● Task to carry out:
Within the entries below, please return exactly the lines from the one with "A Clicktronic DisplayPort" through the one with "This geometric accent", leaving out any pictures.
---- Given data
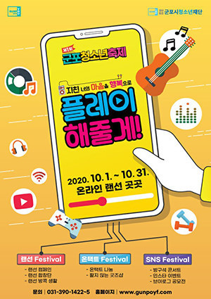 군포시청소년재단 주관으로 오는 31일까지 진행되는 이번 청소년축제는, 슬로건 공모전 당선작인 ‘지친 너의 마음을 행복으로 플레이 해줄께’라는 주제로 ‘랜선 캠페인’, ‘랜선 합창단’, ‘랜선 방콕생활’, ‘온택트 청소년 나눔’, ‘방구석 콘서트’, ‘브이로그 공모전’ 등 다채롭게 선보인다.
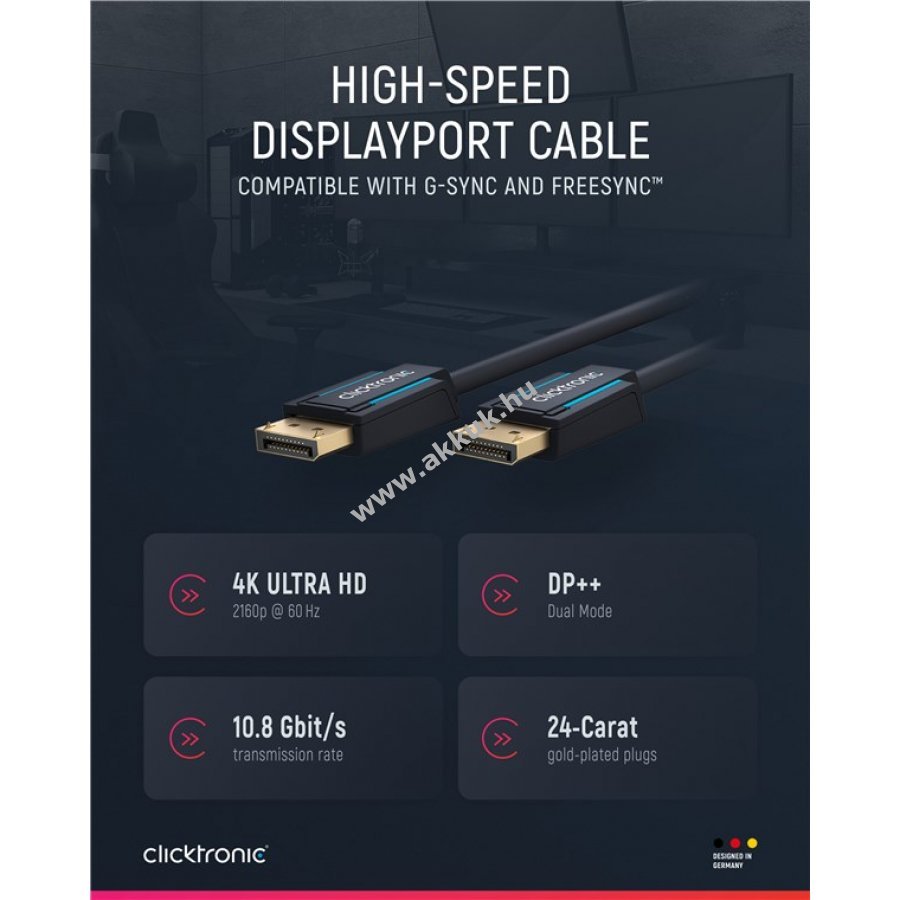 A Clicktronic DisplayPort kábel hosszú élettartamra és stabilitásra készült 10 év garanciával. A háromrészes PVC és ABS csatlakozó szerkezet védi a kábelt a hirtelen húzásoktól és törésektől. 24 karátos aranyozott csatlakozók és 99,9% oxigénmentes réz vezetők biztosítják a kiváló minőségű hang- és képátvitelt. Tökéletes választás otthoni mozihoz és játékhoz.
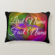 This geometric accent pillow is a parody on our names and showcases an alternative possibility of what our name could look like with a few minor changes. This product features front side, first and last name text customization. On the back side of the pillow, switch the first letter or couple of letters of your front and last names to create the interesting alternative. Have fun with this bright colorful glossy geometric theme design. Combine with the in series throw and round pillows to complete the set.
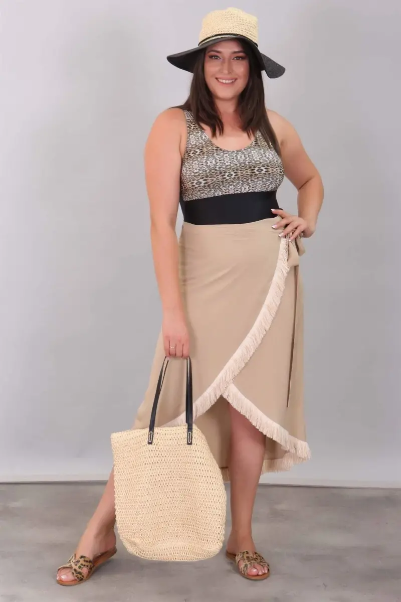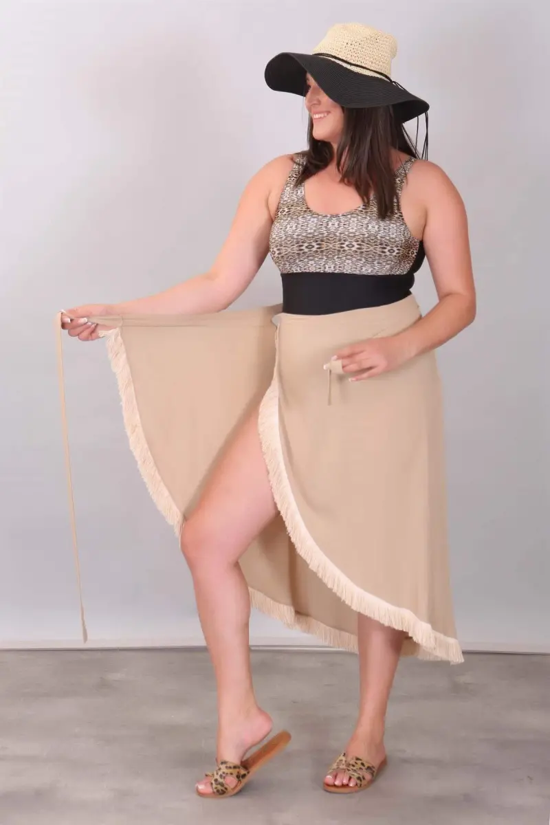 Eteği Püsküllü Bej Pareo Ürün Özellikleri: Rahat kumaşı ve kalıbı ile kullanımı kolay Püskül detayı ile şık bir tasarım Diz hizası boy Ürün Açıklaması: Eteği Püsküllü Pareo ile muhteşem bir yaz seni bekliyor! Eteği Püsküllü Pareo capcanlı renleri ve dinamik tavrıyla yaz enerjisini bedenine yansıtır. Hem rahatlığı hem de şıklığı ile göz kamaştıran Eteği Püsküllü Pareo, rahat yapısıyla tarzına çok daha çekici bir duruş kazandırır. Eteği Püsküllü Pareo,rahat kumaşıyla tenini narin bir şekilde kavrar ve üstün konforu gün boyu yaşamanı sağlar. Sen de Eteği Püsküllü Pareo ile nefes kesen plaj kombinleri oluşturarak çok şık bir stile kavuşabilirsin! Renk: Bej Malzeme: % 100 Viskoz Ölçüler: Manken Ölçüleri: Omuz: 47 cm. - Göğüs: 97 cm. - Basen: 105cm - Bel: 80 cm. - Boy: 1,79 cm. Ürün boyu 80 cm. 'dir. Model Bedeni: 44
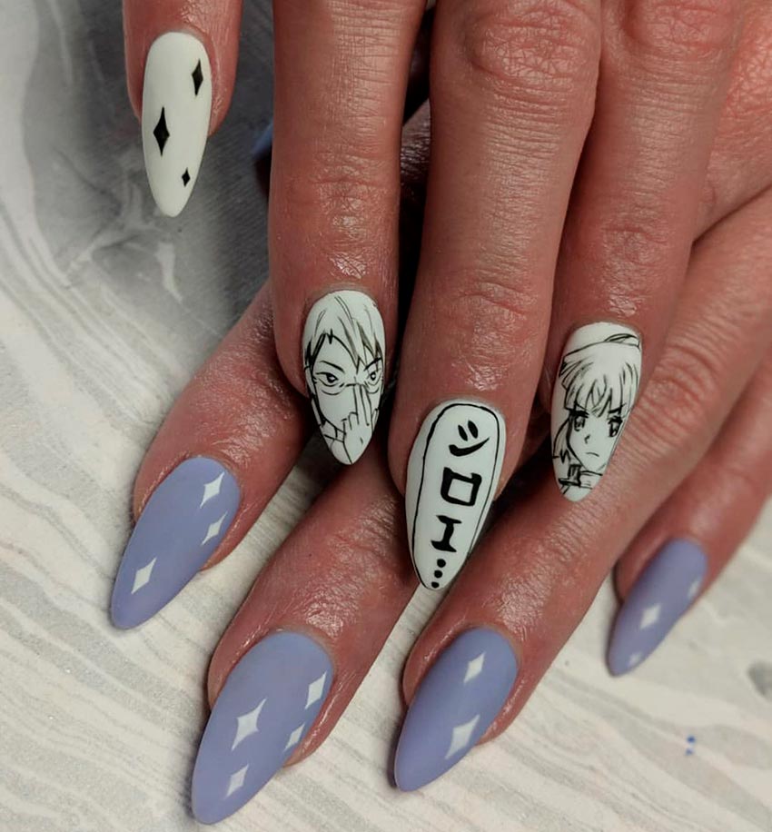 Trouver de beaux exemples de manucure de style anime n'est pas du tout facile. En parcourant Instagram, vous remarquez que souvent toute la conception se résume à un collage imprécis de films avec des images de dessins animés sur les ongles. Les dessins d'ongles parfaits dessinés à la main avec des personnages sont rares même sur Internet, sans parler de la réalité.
--------
---- Given data
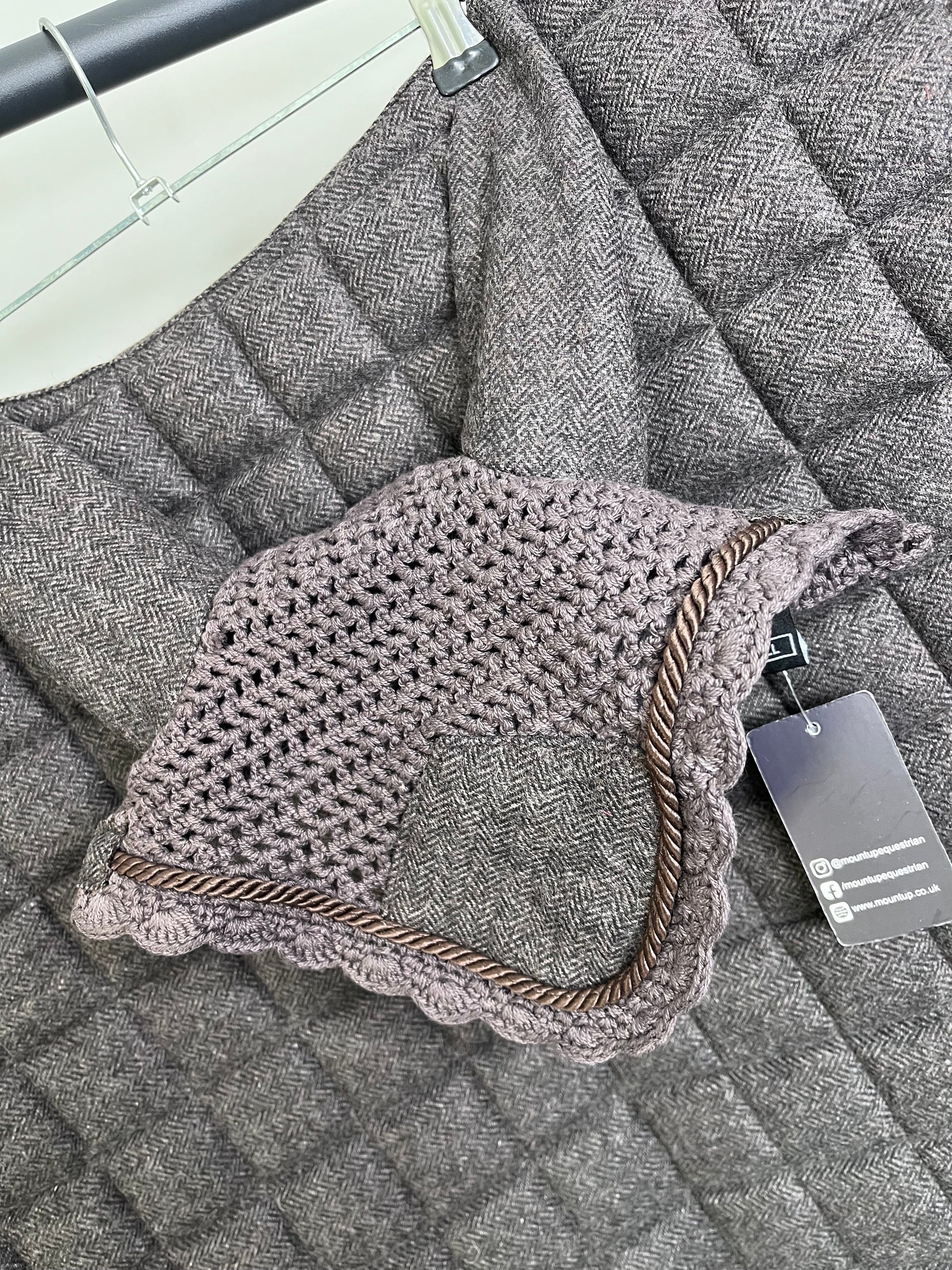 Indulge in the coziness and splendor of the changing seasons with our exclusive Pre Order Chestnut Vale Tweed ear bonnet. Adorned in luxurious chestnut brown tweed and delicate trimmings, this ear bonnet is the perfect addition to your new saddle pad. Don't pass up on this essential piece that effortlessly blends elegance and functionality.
--------
● Reply:
 A Clicktronic DisplayPort kábel hosszú élettartamra és stabilitásra készült 10 év garanciával. A háromrészes PVC és ABS csatlakozó szerkezet védi a kábelt a hirtelen húzásoktól és törésektől. 24 karátos aranyozott csatlakozók és 99,9% oxigénmentes réz vezetők biztosítják a kiváló minőségű hang- és képátvitelt. Tökéletes választás otthoni mozihoz és játékhoz.
 This geometric accent pillow is a parody on our names and showcases an alternative possibility of what our name could look like with a few minor changes. This product features front side, first and last name text customization. On the back side of the pillow, switch the first letter or couple of letters of your front and last names to create the interesting alternative. Have fun with this bright colorful glossy geometric theme design. Combine with the in series throw and round pillows to complete the set.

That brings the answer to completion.